MorphOS is an AmigaOS-like computer operating system (OS). It is a mixed proprietary and open source OS produced for the Pegasos PowerPC (PPC) processor based computer, PowerUP accelerator equipped Amiga computers, and a series of Freescale development boards that use the Genesi firmware, including the Efika and mobileGT. Since MorphOS 2.4, Apple's Mac mini G4 is supported as well, and with the release of MorphOS 2.5 and MorphOS 2.6 the eMac and Power Mac G4 models are respectively supported. The release of MorphOS 3.2 added limited support for Power Mac G5. The core, based on the Quark microkernel, is proprietary, although several libraries and other parts are open source, such as the Ambient desktop.
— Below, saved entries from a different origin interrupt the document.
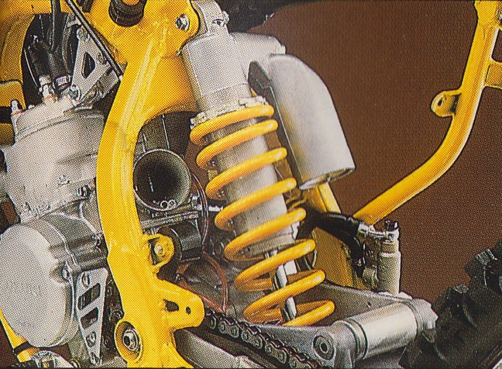 A beefed-up linkage and all-new shock promised improved suspension performance for 1992. Photo Credit: Suzuki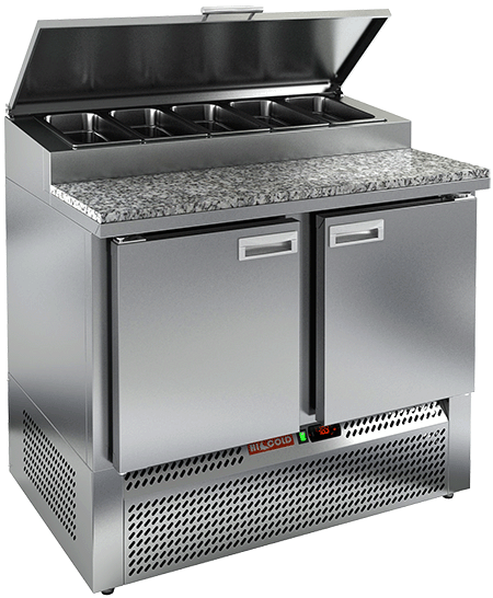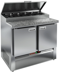 В столешнице предусмотрено размещение гастроемкостей для ингредиентов. Охлаждаемый объем. Внутри установлены полки-решетки. Пространство между внутренней и наружной стенкой заполнено пеной-теплоизолятором. Для обеспечения плотности прилегания дверей стола к корпусу - используется уплотнитель с магнитной вставкой. Цельнозаливной корпус. Электронный блок управления. Автоматическая оттайка.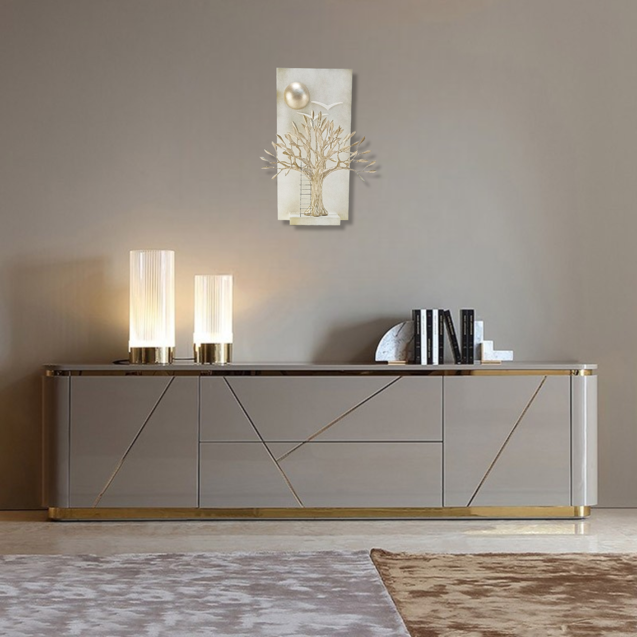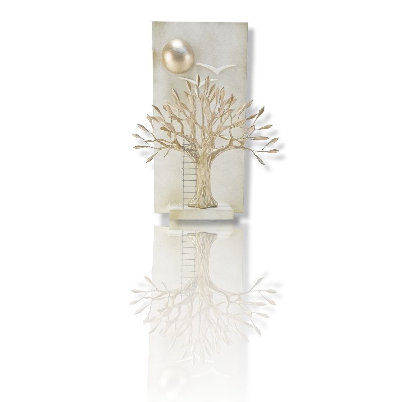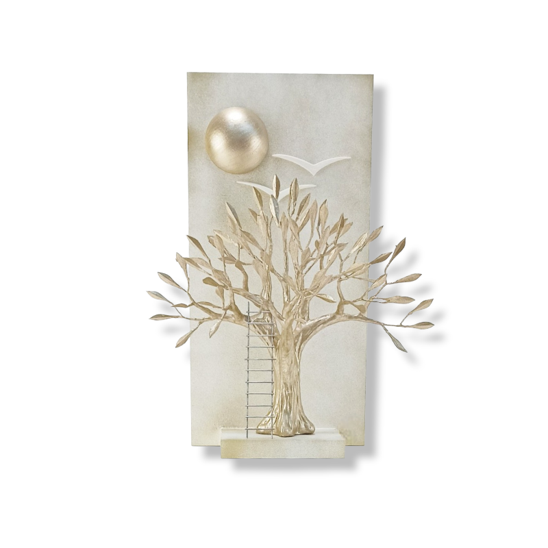 Χειροποίητη επιτοίχια και επιτραπέζια ελιά, σε χρυσές και λευκές αποχρώσεις. Ιδανική να στολίσει το τζάκι, μια κενή γωνιά του τοίχου στην κρεβατοκάμαρα, στο σαλόνι ή την τραπεζαρία.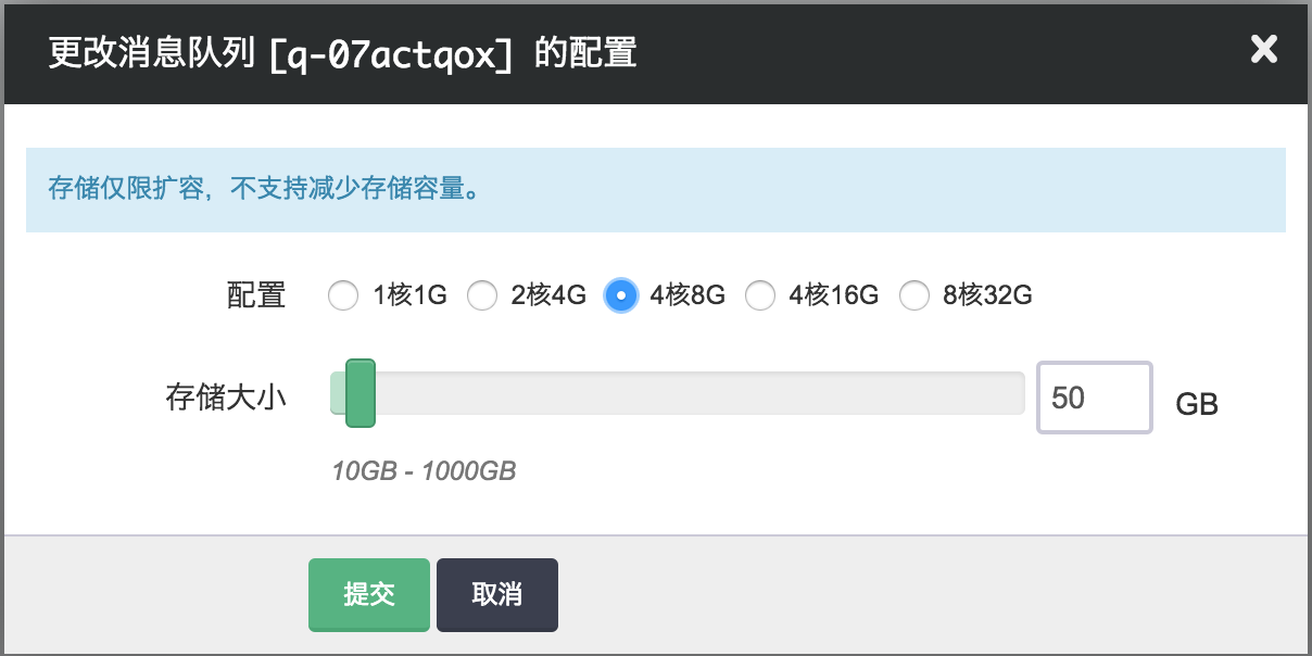 您可以如下图所示纵向伸缩 Kafka 的 CPU、内存、硬盘,您可以根据青云提供的监控结合您的业务情况决定是否纵向伸缩。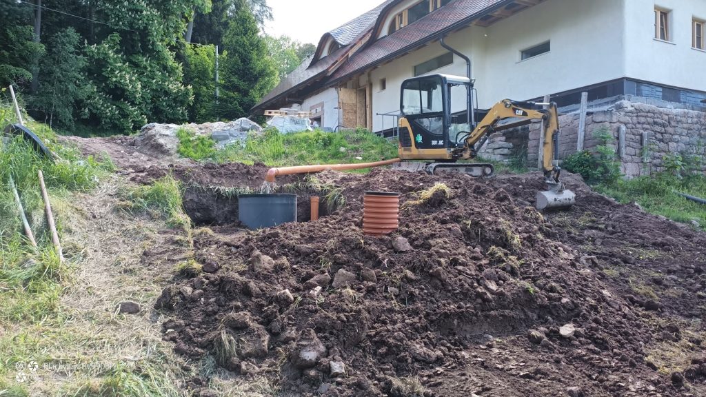 Kanalizace a čistička odpadních vod u novostavby v Bílém Újezdu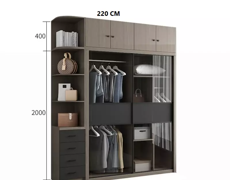 الخزانة مصنوعة من خشب هندسي وخشب زان روماني عالي الجودة مع زجاج عالي الجودة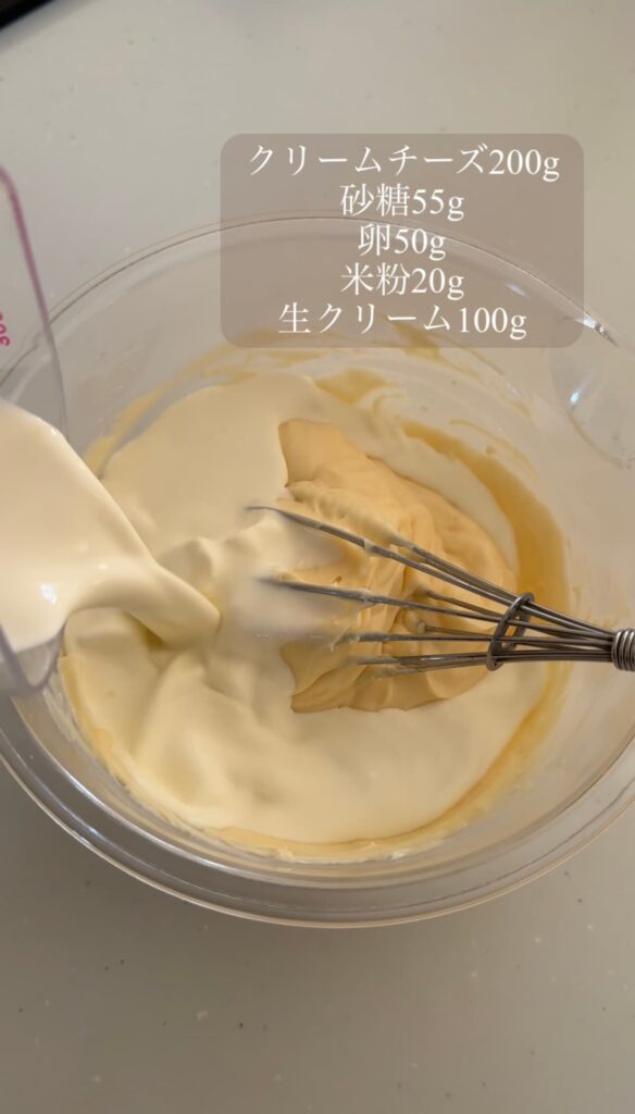 ⑩生クリームを加え、ホイッパーで混ぜ合わせる。

Characteristics and versions
Developed for PowerPC central processing units (CPUs) from Freescale and IBM it also supports the original AmigaOS Motorola 68000 series (68k, MC680x0) applications via proprietary task-based emulation, and most AmigaOS PPC applications via API wrappers. It is application programming interface (API) compatible with AmigaOS 3.1 and has a graphical user interface (GUI) based on Magic User Interface (MUI).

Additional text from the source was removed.